RECORDS FOR THIS TASK
"""
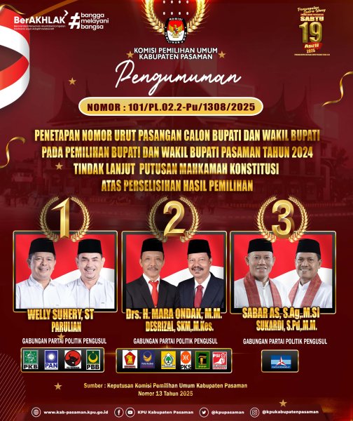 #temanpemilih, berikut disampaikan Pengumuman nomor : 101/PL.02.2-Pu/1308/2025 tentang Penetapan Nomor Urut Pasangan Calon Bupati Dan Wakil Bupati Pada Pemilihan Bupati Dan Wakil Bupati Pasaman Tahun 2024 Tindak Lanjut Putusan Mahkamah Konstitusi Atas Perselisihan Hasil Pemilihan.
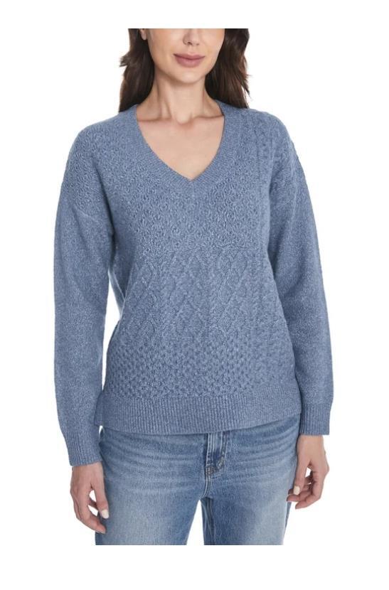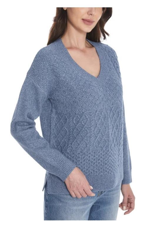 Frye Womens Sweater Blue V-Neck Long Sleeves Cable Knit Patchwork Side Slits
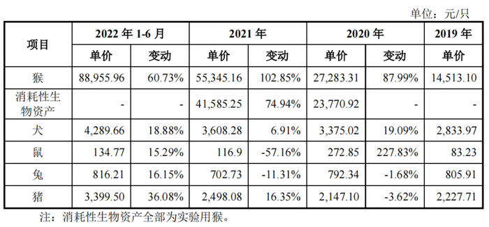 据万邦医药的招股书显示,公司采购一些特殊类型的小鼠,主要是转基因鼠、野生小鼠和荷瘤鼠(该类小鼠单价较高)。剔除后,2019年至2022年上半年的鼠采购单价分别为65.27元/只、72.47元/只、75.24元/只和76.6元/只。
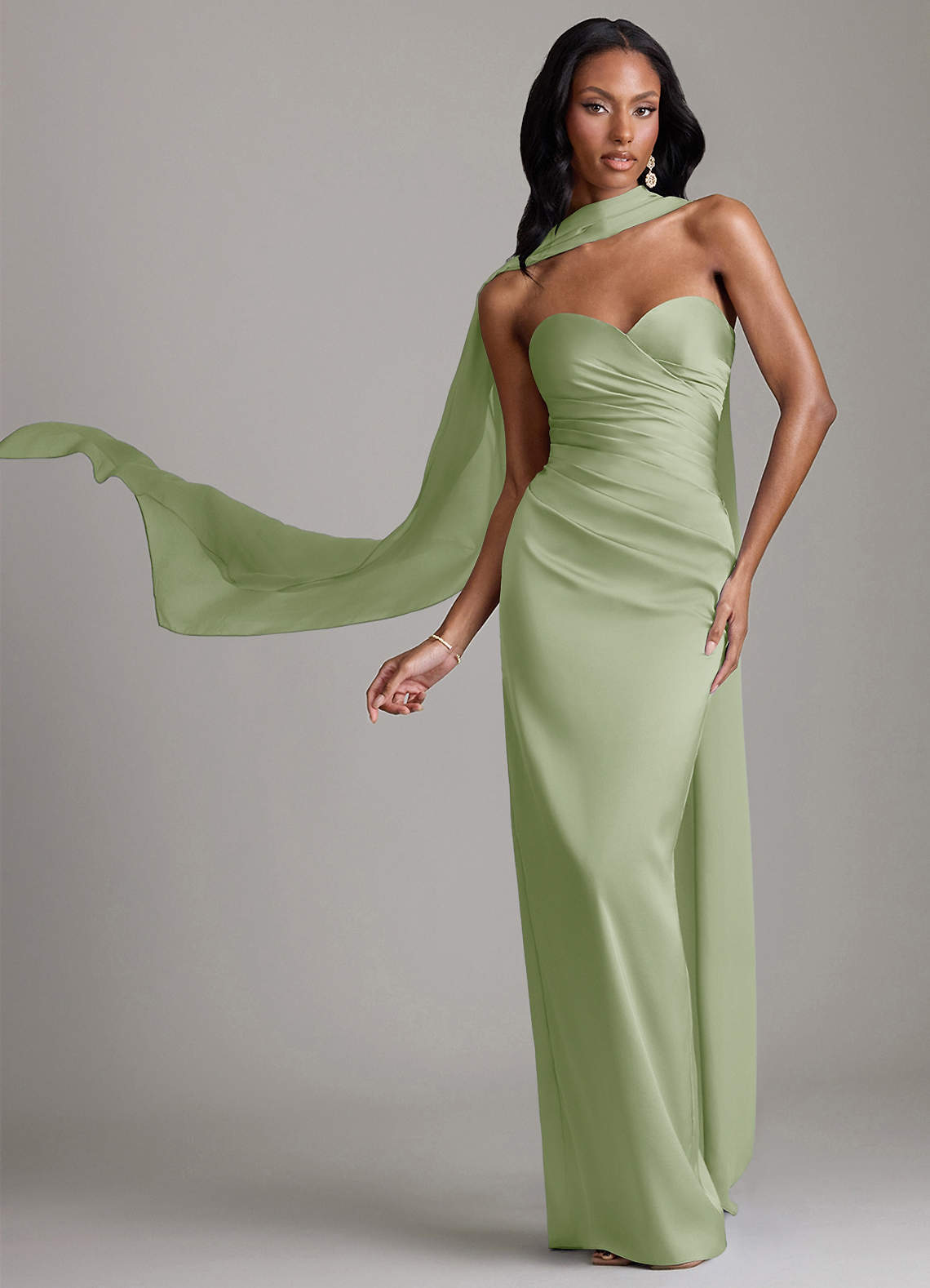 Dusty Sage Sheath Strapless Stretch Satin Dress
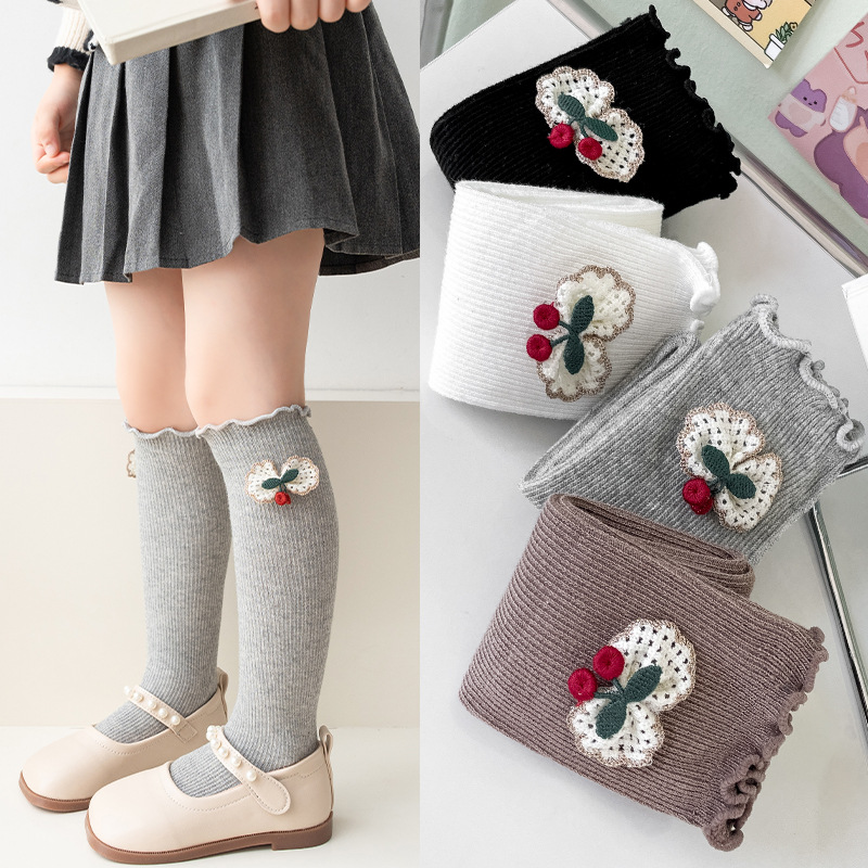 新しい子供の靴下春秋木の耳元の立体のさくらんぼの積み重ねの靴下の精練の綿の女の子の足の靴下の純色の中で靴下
"""
"""
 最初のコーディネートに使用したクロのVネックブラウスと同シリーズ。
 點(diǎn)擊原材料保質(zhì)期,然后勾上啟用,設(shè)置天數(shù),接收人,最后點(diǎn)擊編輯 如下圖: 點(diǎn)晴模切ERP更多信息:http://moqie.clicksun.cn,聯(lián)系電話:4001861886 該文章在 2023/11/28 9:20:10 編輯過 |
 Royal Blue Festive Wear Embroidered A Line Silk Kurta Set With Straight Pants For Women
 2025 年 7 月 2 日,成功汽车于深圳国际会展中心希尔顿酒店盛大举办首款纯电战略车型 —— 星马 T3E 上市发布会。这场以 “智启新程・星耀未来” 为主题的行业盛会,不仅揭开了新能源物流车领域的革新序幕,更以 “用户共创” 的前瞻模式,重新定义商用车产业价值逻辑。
"""
"""
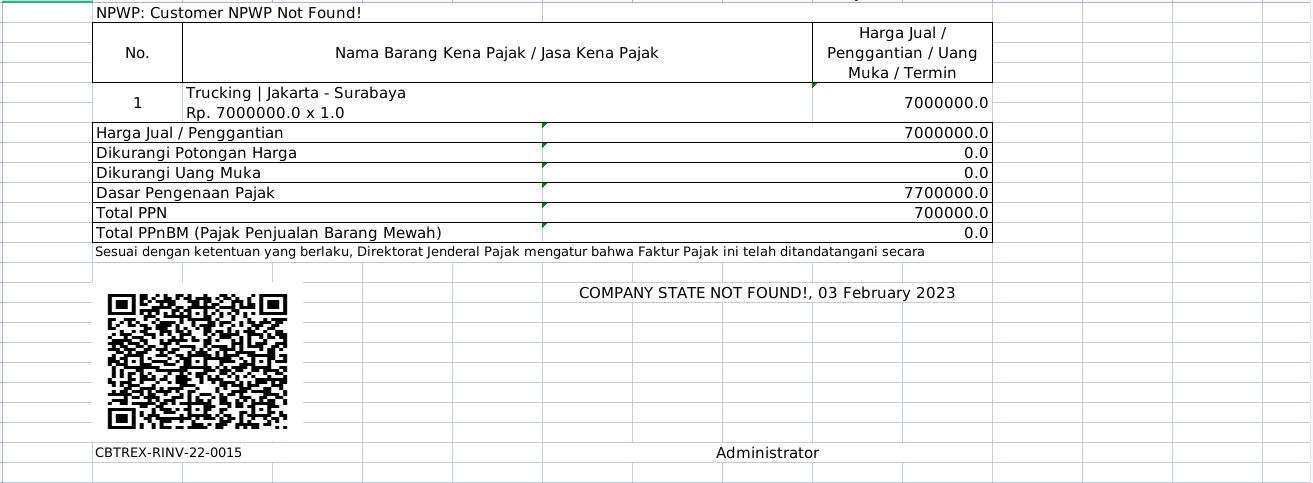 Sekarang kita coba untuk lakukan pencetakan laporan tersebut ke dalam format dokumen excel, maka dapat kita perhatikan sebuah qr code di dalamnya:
"""
INSTRUCTIONS TO FOLLOW
Give exactly the lines above that run from the line with "Frye Womens Sweater" to the line with "新しい子供の靴下春秋木の耳元", both included, leaving every picture out.

YOUR RESPONSE
 Frye Womens Sweater Blue V-Neck Long Sleeves Cable Knit Patchwork Side Slits
 据万邦医药的招股书显示,公司采购一些特殊类型的小鼠,主要是转基因鼠、野生小鼠和荷瘤鼠(该类小鼠单价较高)。剔除后,2019年至2022年上半年的鼠采购单价分别为65.27元/只、72.47元/只、75.24元/只和76.6元/只。
 Dusty Sage Sheath Strapless Stretch Satin Dress
 新しい子供の靴下春秋木の耳元の立体のさくらんぼの積み重ねの靴下の精練の綿の女の子の足の靴下の純色の中で靴下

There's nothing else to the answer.